Temporal Difference Learning in Reinforcement Learning

# Temporal Difference Learning in Reinforcement Learning

Temporal Difference (TD) Learning is a type of Reinforcement Learning (RL) that combines the ideas of Monte Carlo methods and Dynamic Programming. It provides a way to estimate the value function without knowing the full model of the environment, unlike Dynamic Programming. Simultaneously, it updates estimates based on other estimates, unlike Monte Carlo methods.

## TD(0) Learning Algorithm

The simplest TD learning algorithm is TD(0). Let's assume we are trying to estimate `v(s)`, the value of a state `s`. In each time step, the agent observes the current state `s`, takes an action `a`, receives a reward `r`, and observes the new state `s'`. The value `v(s)` is updated using the observed reward and the estimated value of the new state `s'`.

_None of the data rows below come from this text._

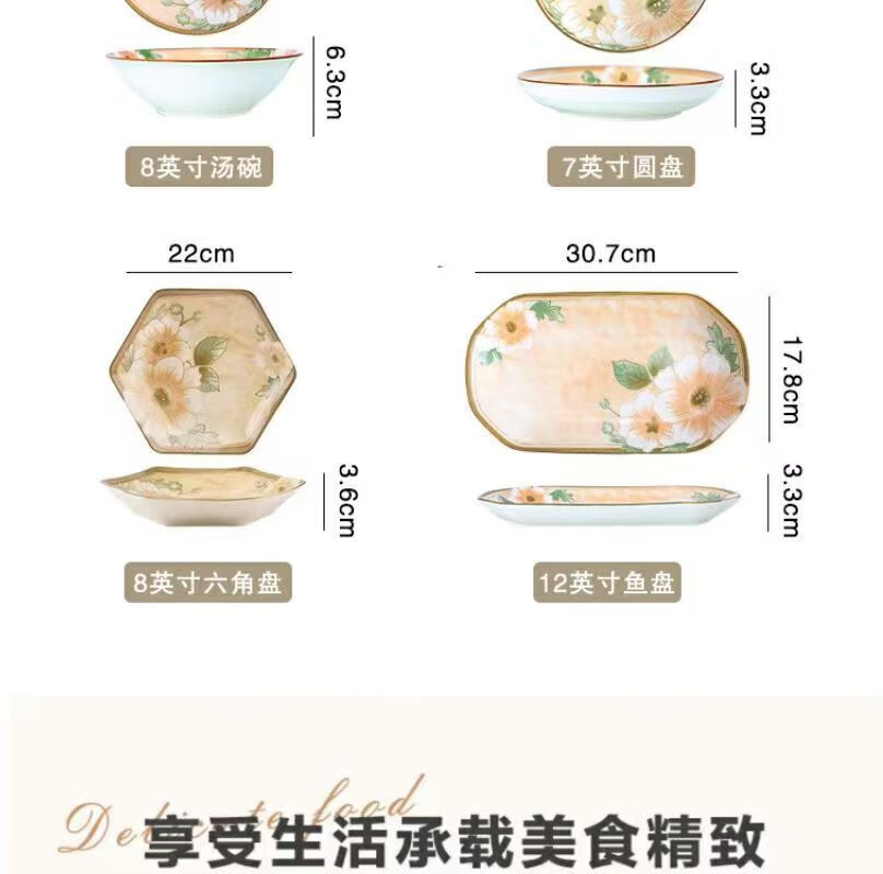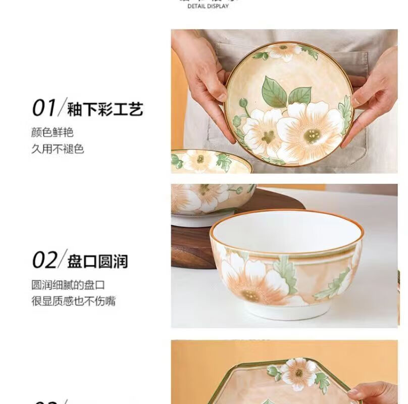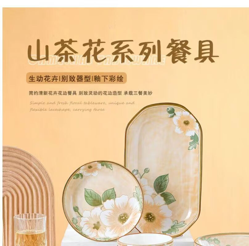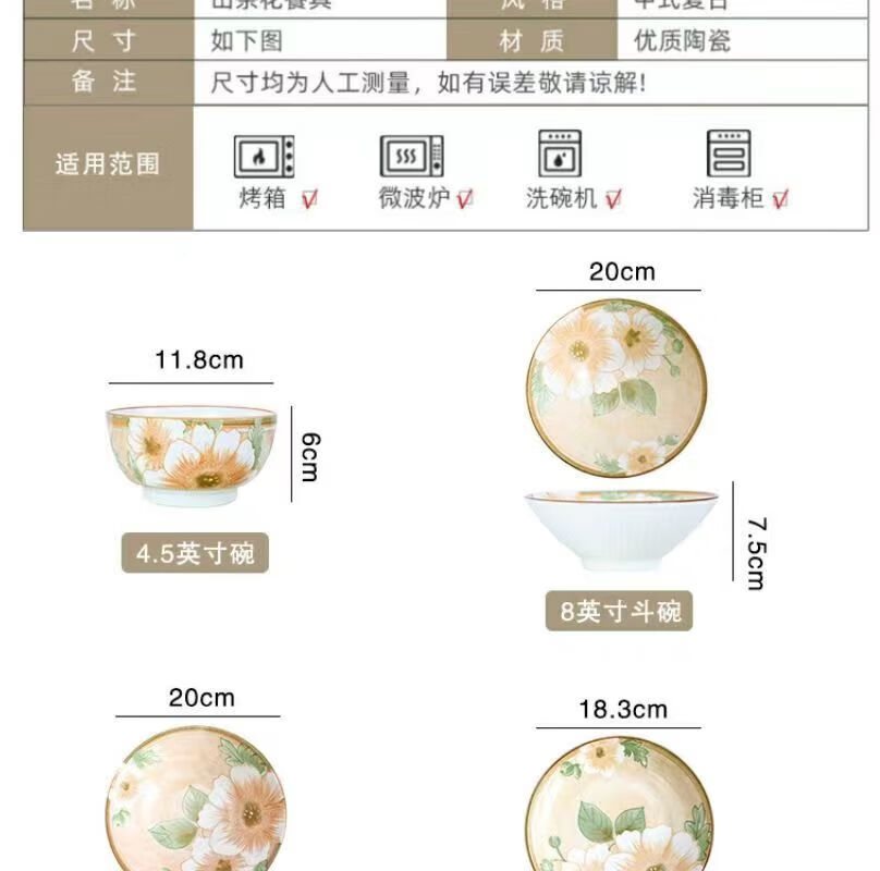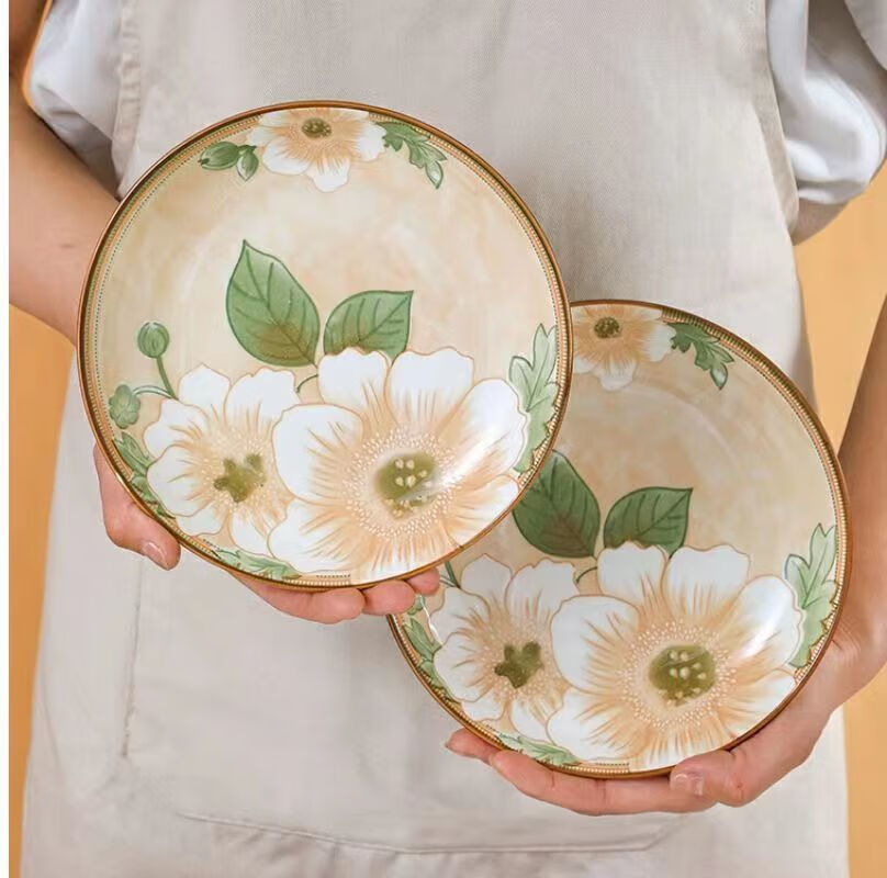 Vinoa Vintage Camellia 10 Bowl 10 Plate Family Bowl and Plate Set Underglaze Color Vintage Camellia 10 Bowl 10 Plate Family Bowl and Plate Set (5 Inch Bowl-7 Inch
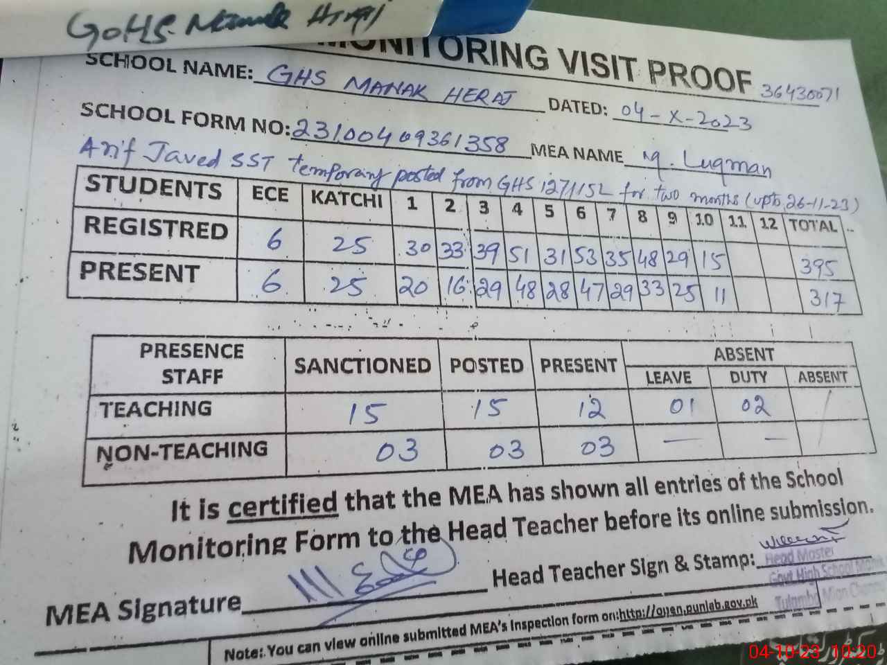 | EMIS Code: 36430071 | Name of School: GHS MANAK HERAJ, TULAMBA | |||
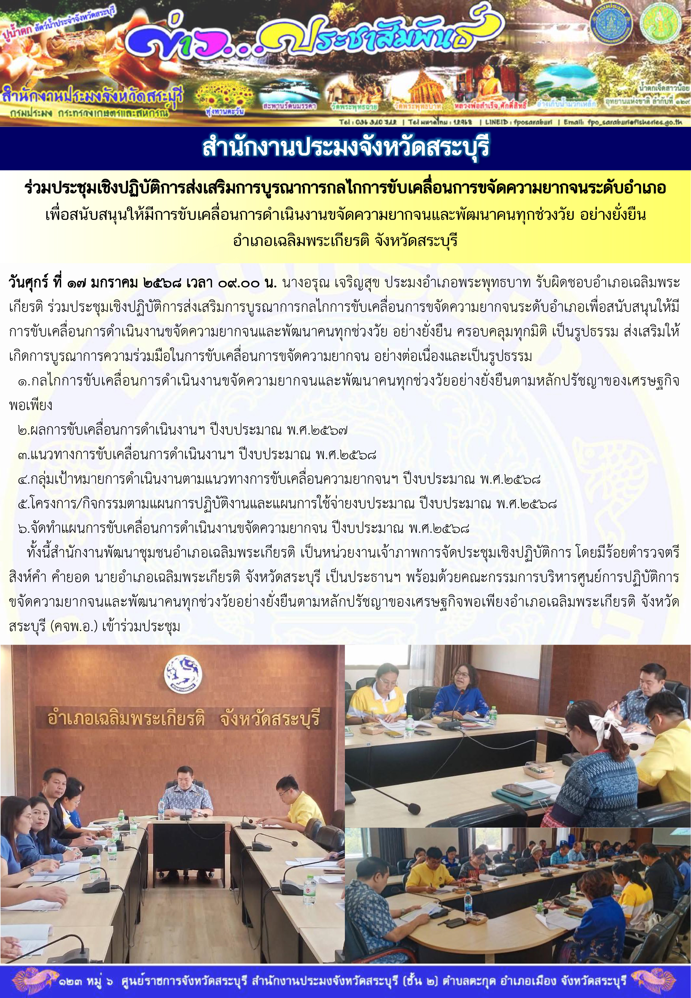 สำนักงานประมงอำเภอพระพุทธบาท ร่วมประชุมเชิงปฏิบัติการส่งเสริมการบูรณาการกลไกการขับเคลื่อนการขจัดความยากจนระดับอำเภอเพื่อสนับสนุนให้มีการขับเคลื่อนการดำเนินงานขจัดความยากจนและพัฒนาคนทุกช่วงวัย อย่างยั่งยืน อำเภอเฉลิมพระเกียรติ จังหวัดสระบุรี
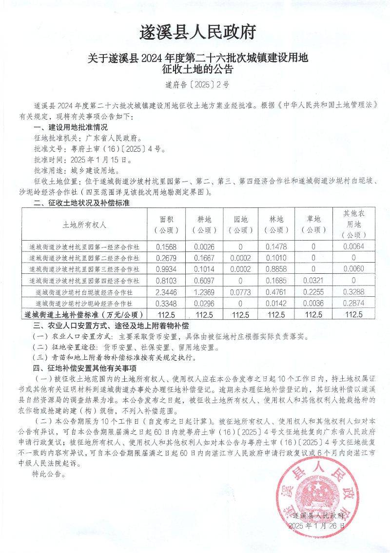 遂溪县人民政府 关于遂溪县2024年度第二十六批次城镇建设用地征收土地的公告 遂府告〔2025〕2号
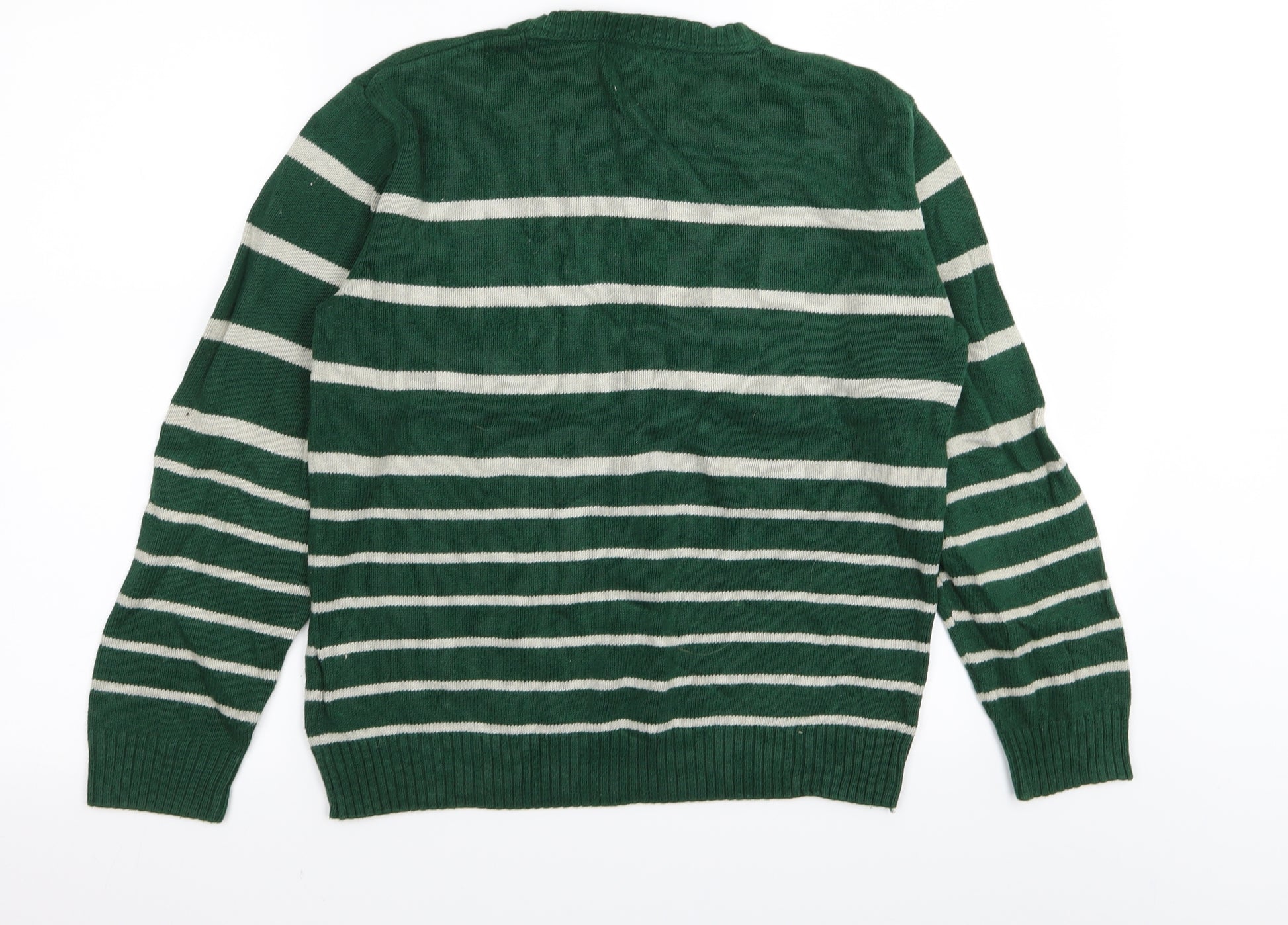 Boys Green Striped Pullover Jumper Size 12-13 Years
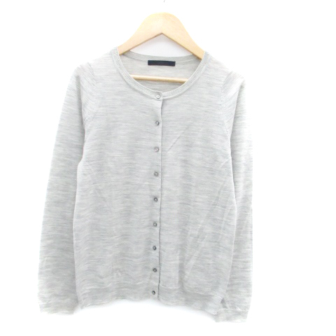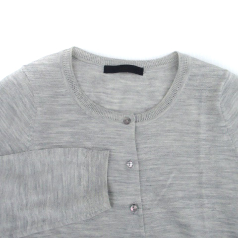 ノーリーズ Nolley's PINK ニットカーディガン ラウンドネック ミドル丈 ウール 38 グレー /HO19 レディース
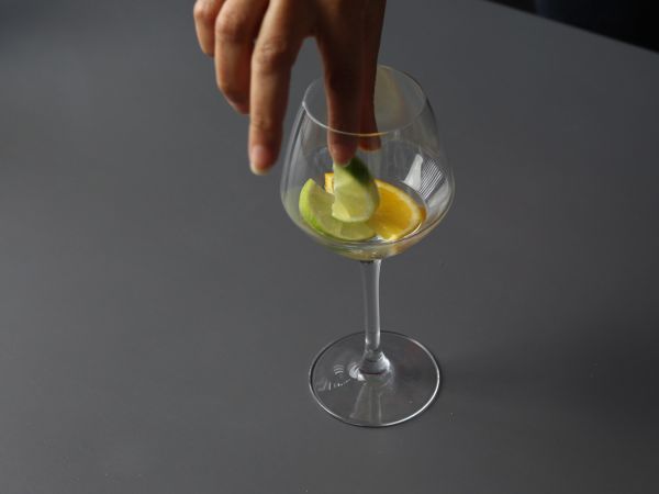 Einen kleinen Schuss Orangenlikör direkt in das Glas gießen. Dann eine halbe Orangenscheibe und eine halbierte Zitronenscheibe hinzufügen.
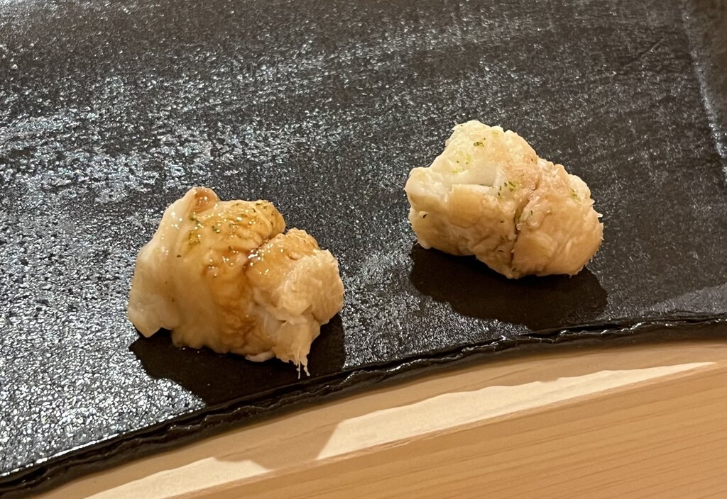 フレッシュな食感と内臓のミルキーさの両方が味わえるよう縦にカット。
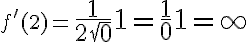 Je te conseillerais de tout mettre au même dénominateur pour écrire f'(x) sous la forme d'une fraction, puis d'écrire quelque chose comme : quand x tend vers 2+, le dénominateur de f'(x) tend vers 0+ tandis que le numérateur tend vers 1 ; f'(x) tend donc vers +00. La limite de f(x) - f(2) / (x - 2) quand x tend vers 2+ est donc +00.
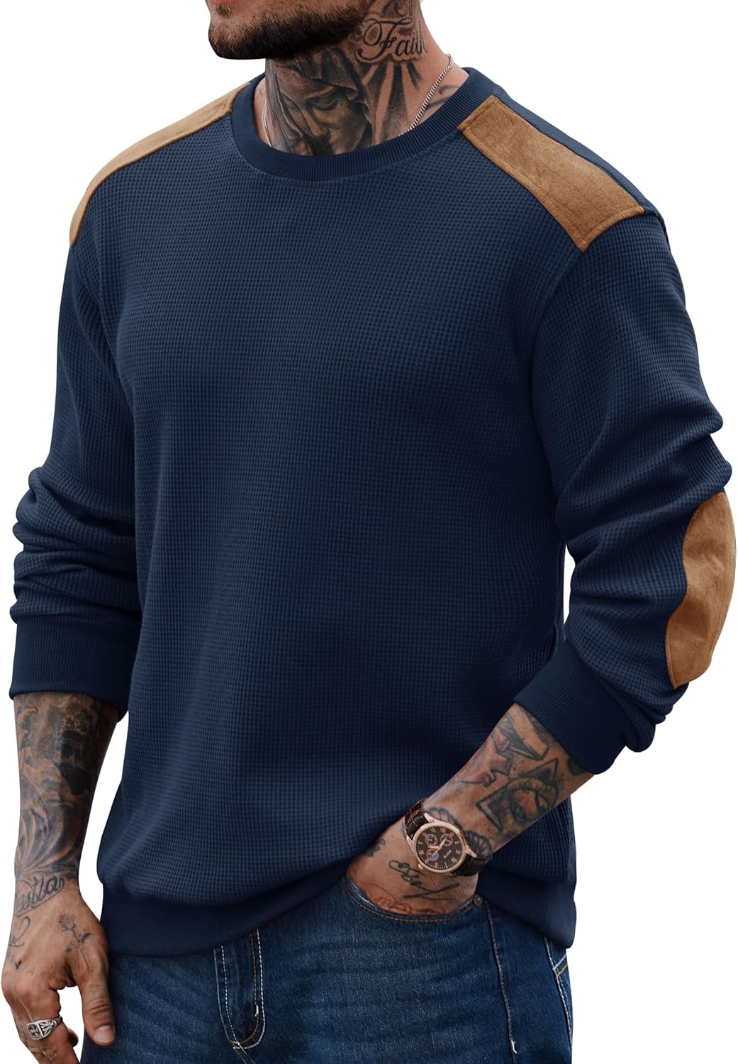 Men Waffle Elbow Patch Shirt Western Long Sleeve Fall Pullover(S-2XL)
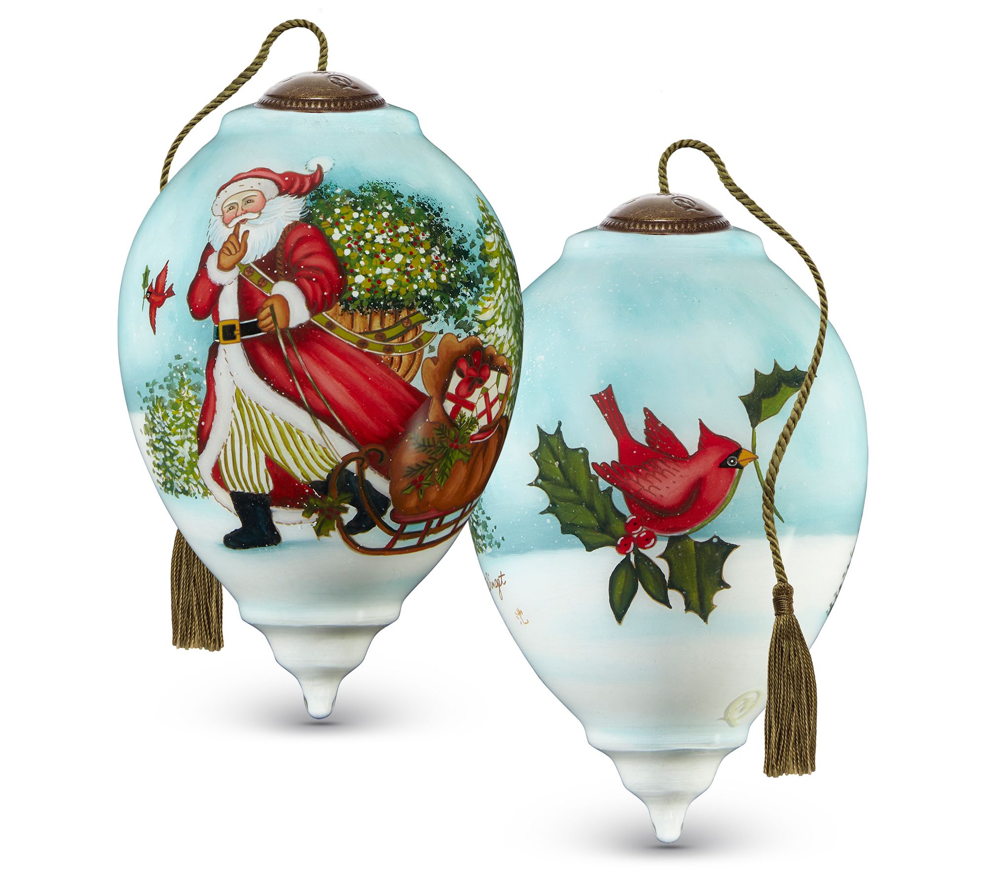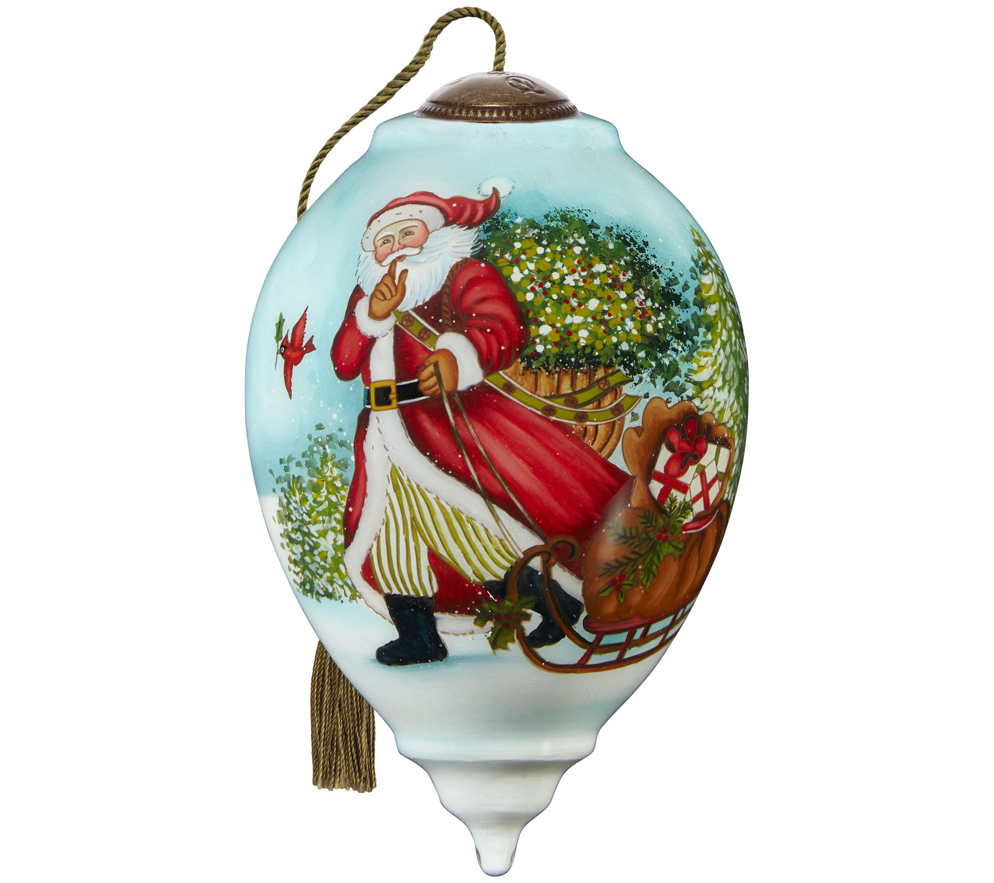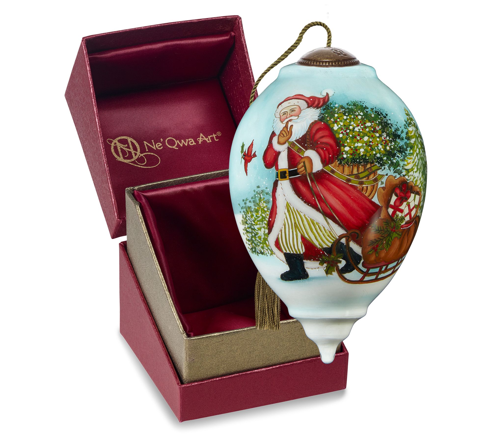Decorate your tree with this luxe glass ornament featuring everyone's favorite gift-giver. From ne'Qwa.

Here's the update rule in TD(0):

```python
v(s) = v(s) + alpha * (r + gamma * v(s') - v(s))
```

Where:
- `alpha` is the learning rate.
- `gamma` is the discount factor.

## TD Learning vs Monte Carlo

The key difference between TD Learning and Monte Carlo methods is in how they update the value function.

Monte Carlo updates are based on the total actual return of an episode, whereas TD Learning updates are based on the estimated value of the next state. This makes TD Learning bootstrapping - it updates estimates based on other estimates.

Let's look at the update formulas for both:

Monte Carlo:
```python
v(s) = v(s) + alpha * (G - v(s))
```

TD Learning:
```python
v(s) = v(s) + alpha * (r + gamma * v(s') - v(s))
```

Here, `G` is the actual return.

In TD Learning, `r + gamma * v(s')` is a biased estimate of `G`, but it's available at each time step. This lets TD methods to learn in an online, incremental fashion.

## SARSA and Q-Learning

Two popular algorithms that extend TD Learning to action-value functions are SARSA (State-Action-Reward-State-Action) and Q-Learning. They use similar update rules, but Q-Learning is off-policy (it learns the value of the optimal policy regardless of the agent's actions), while SARSA is on-policy (it learns the value of the policy being followed).

SARSA:
```python
Q(s, a) = Q(s, a) + alpha * (r + gamma * Q(s', a') - Q(s, a))
```

Q-Learning:
```python
Q(s, a) = Q(s, a) + alpha * (r + gamma * max_a' Q(s', a') - Q(s, a))
```

In both cases, `(s, a, r, s', a')` is a tuple representing a transition in the environment.

In summary, Temporal Difference Learning is a powerful tool in the RL toolbox, bridging the gap between Monte Carlo methods and Dynamic Programming, and enabling efficient, incremental learning.